• _Raw data_:

++++

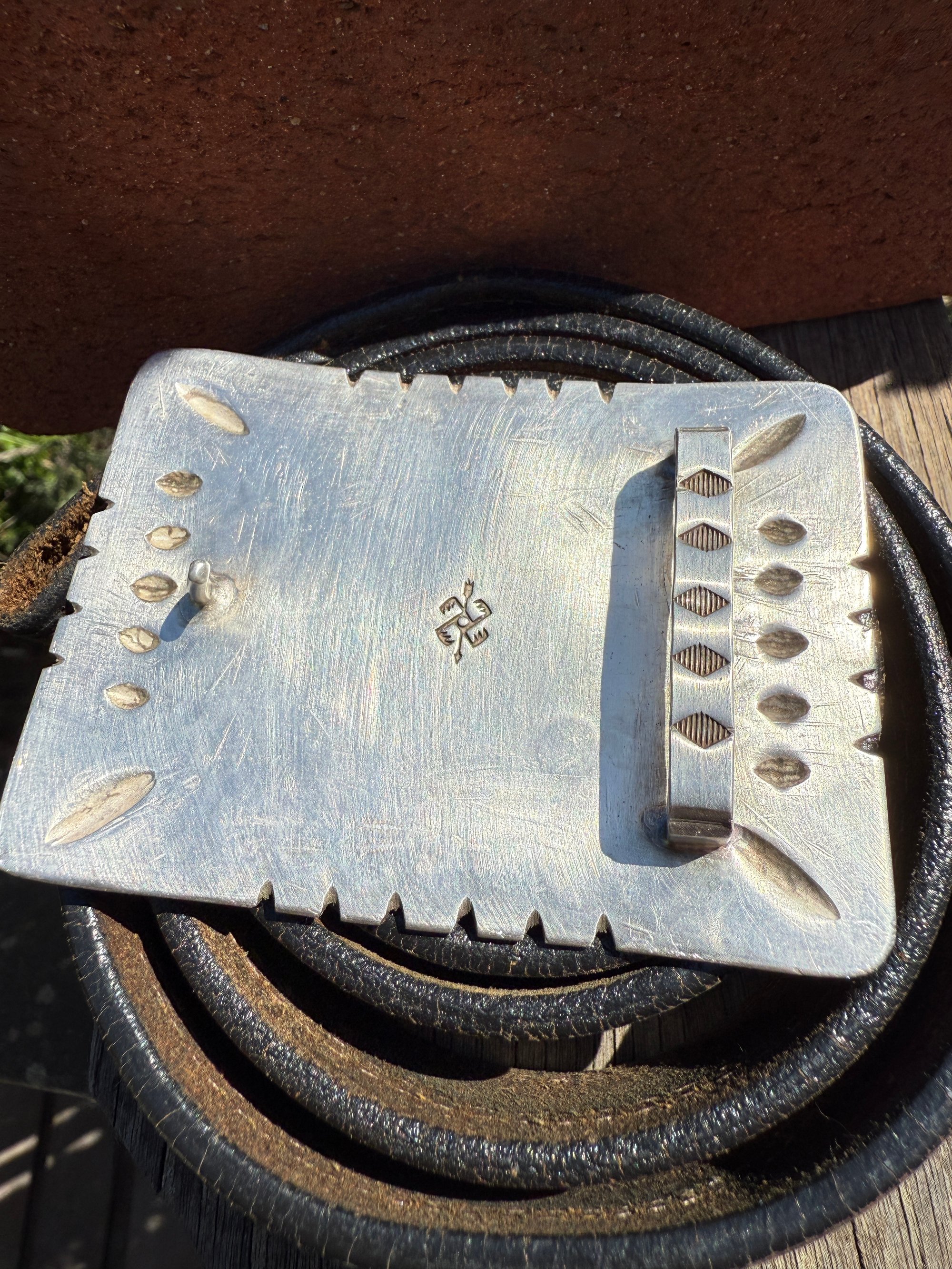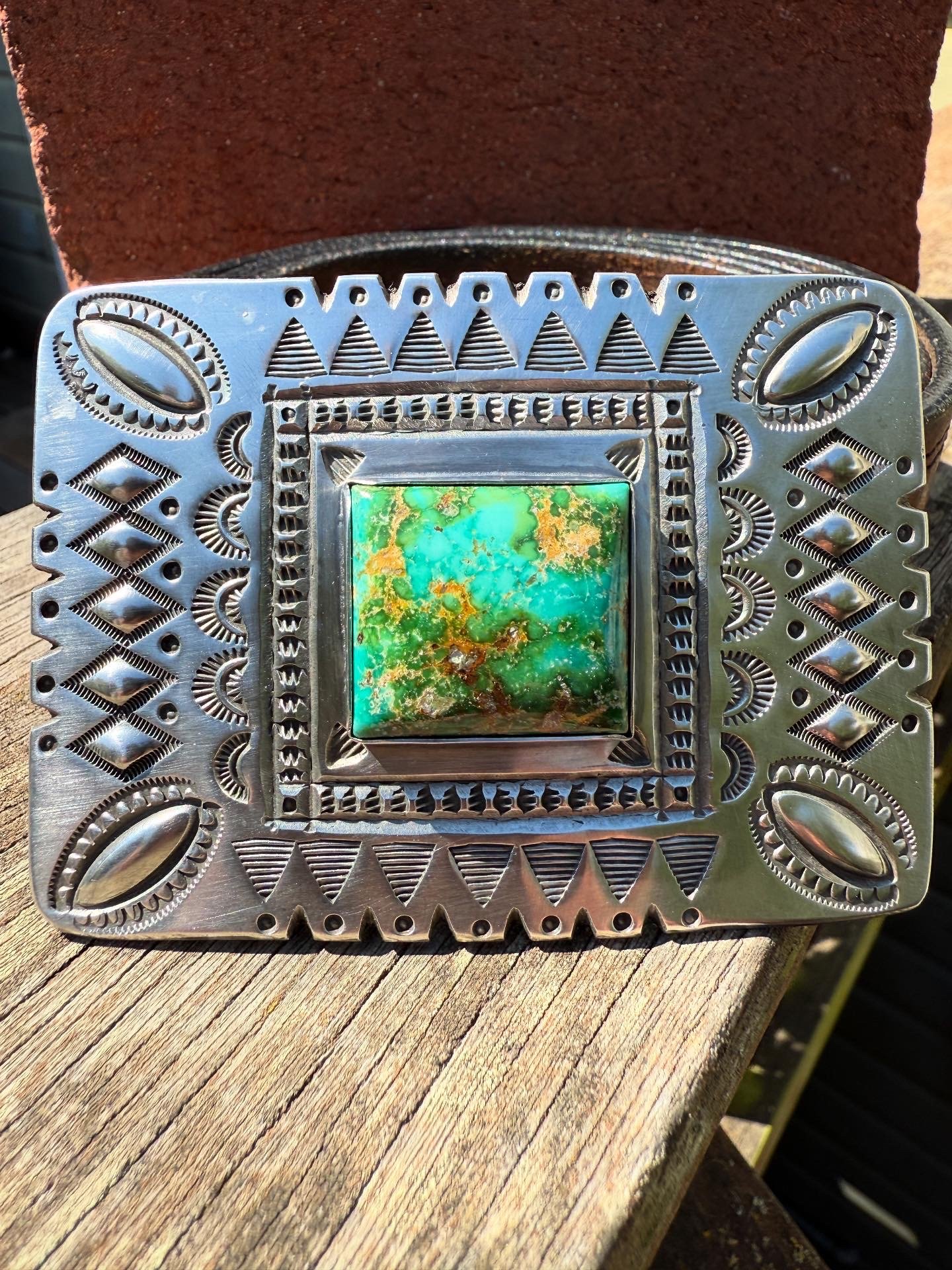 Handmade entirely with forged repurposed 1890s 925 Sterling Silver ingot. Hand wrought, cold chiseled, embossed, stamped & shaped the old way. Fire & hammer. Crowned with an amazing Complex Matrix High Grade Sonoran Desert Turquoise (30mm x 25mm). Set for 1.5 inch belt loop. Old style built to last generations.
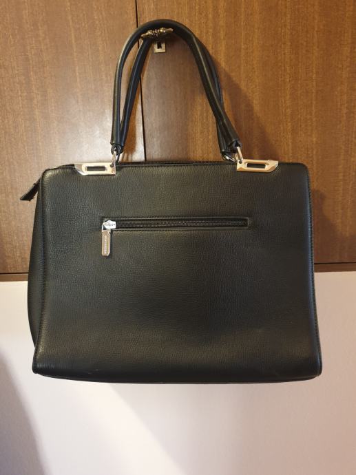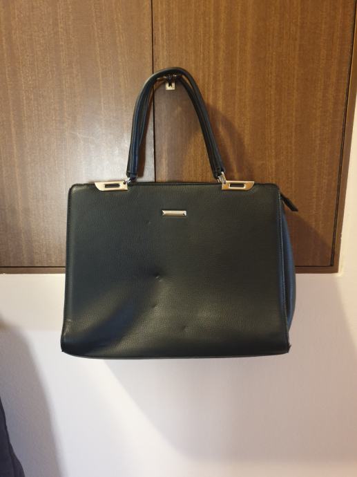 Ženska torba, crna, više pretinaca, veličine cca 30×30 cm
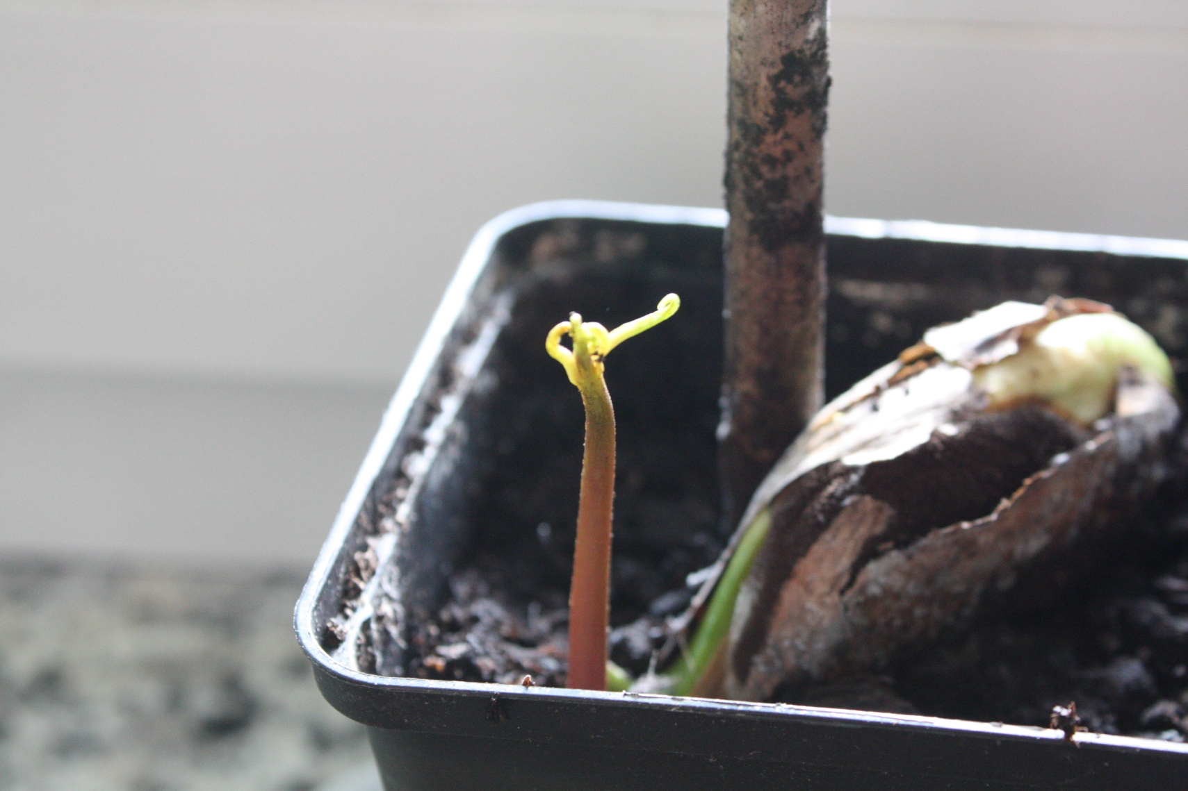 Eben habe ich entdeckt das der Kern aus dem ein Pflänzchen gewachsen ist mit Schimmel überzogen ist. Die Pflanze selbst sieht allerdings einigermaßen gesund aus, auch wenn sie deutlich kleiner als ihr Bruder ist.
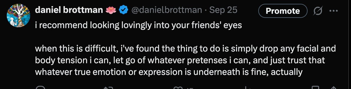 for some time now i’ve loved eyegazing as a practice. back at zen mountain monastery, some friends and i made a practice of sitting in meditation for a good 30 minutes, facing each other, maintaining eye contact. that practice rocks, and calls upon a lot of vulnerability, but i’ve found that when these moments happen spontaneously in the context of loving friendship, they’re even more powerful.
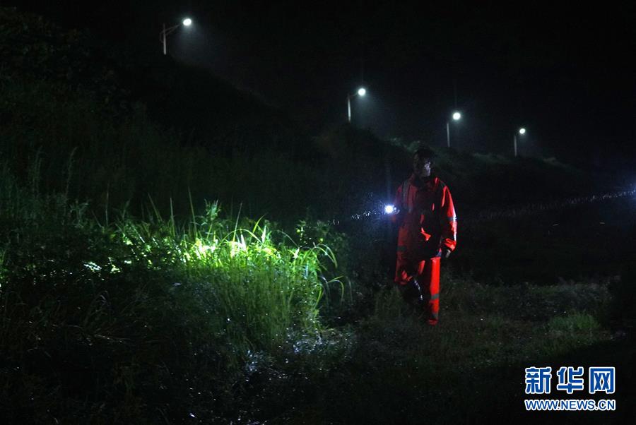 7月9日,邵忠如冒雨夜巡圩堤。新华社记者 万象 摄
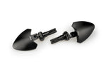 These PUIG rear-view mirrors are CNC-machined from a solid block of aluminum and finished with an anodized coating, offering a premium look and excellent durability. Their elegant curved lines and precision-machined detailing give them a unique blend of character and sophistication, while still maintaining a functional and rider-focused design.
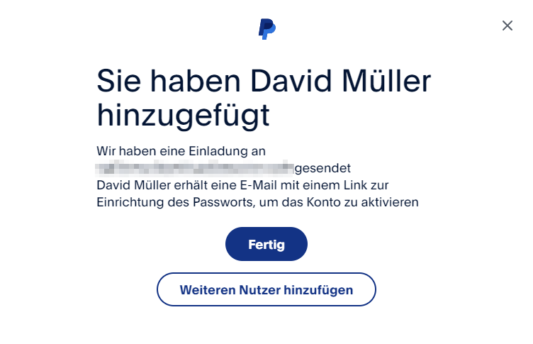 At first glance, PayPal has implemented the strong authentication in a common and fairly straightforward way: When adding a new user, even though I am already logged in, I am asked to enter a TAN that is send to me via SMS.1
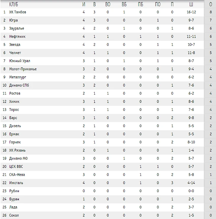 Вот так выглядит турнирная таблица по итогам прошедшей недели. «Тамбов» первый, но он сыграл четыре матча. Отметим, что «Металлург» сыграл два матча, «Буран» один, а «Рубин» ещё вообще не взял старт в сезоне. Из-за разразившейся инфекции в команде тюменский коллектив сыграет лишь ещё не скоро. В любом случае желаем всем командам богатырского здоровья. Чтобы травмы обходили стороной. И главным всегда и везде оставался его Величество – хоккей.
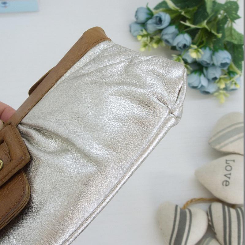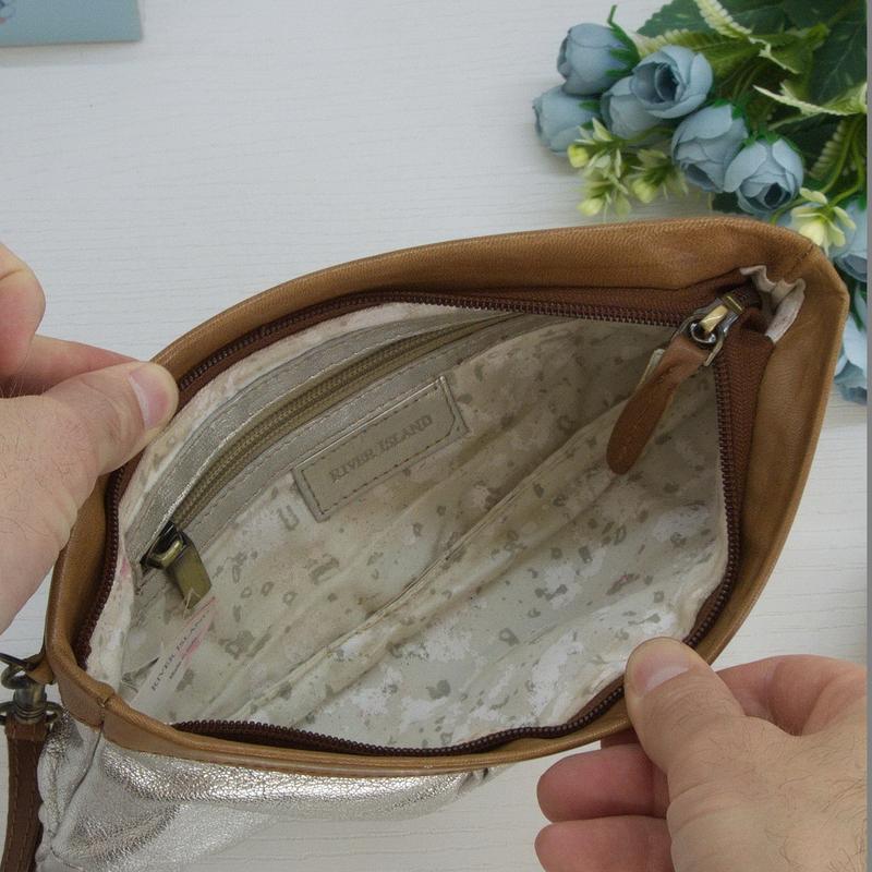 Выполнен из мягкой натуральной кожи отличнейшего качества, закрывается на молнию и декоративный ремень на магнитной кнопке, внутри одно отделение, в нем карман на молнии. Верхний край на каркасе, клатч отлично держит форму. Есть съемная петля для запястья.

++++

• _Task requirements_:
The answer must be the lines above from the one containing "Ženska torba, crna, više" through the one containing "At first glance, PayPal", reproduced exactly, with no pictures and nothing else.

• _Expected answer_:
 Ženska torba, crna, više pretinaca, veličine cca 30×30 cm
 Eben habe ich entdeckt das der Kern aus dem ein Pflänzchen gewachsen ist mit Schimmel überzogen ist. Die Pflanze selbst sieht allerdings einigermaßen gesund aus, auch wenn sie deutlich kleiner als ihr Bruder ist.
 for some time now i’ve loved eyegazing as a practice. back at zen mountain monastery, some friends and i made a practice of sitting in meditation for a good 30 minutes, facing each other, maintaining eye contact. that practice rocks, and calls upon a lot of vulnerability, but i’ve found that when these moments happen spontaneously in the context of loving friendship, they’re even more powerful.
 7月9日,邵忠如冒雨夜巡圩堤。新华社记者 万象 摄
 These PUIG rear-view mirrors are CNC-machined from a solid block of aluminum and finished with an anodized coating, offering a premium look and excellent durability. Their elegant curved lines and precision-machined detailing give them a unique blend of character and sophistication, while still maintaining a functional and rider-focused design.
 At first glance, PayPal has implemented the strong authentication in a common and fairly straightforward way: When adding a new user, even though I am already logged in, I am asked to enter a TAN that is send to me via SMS.1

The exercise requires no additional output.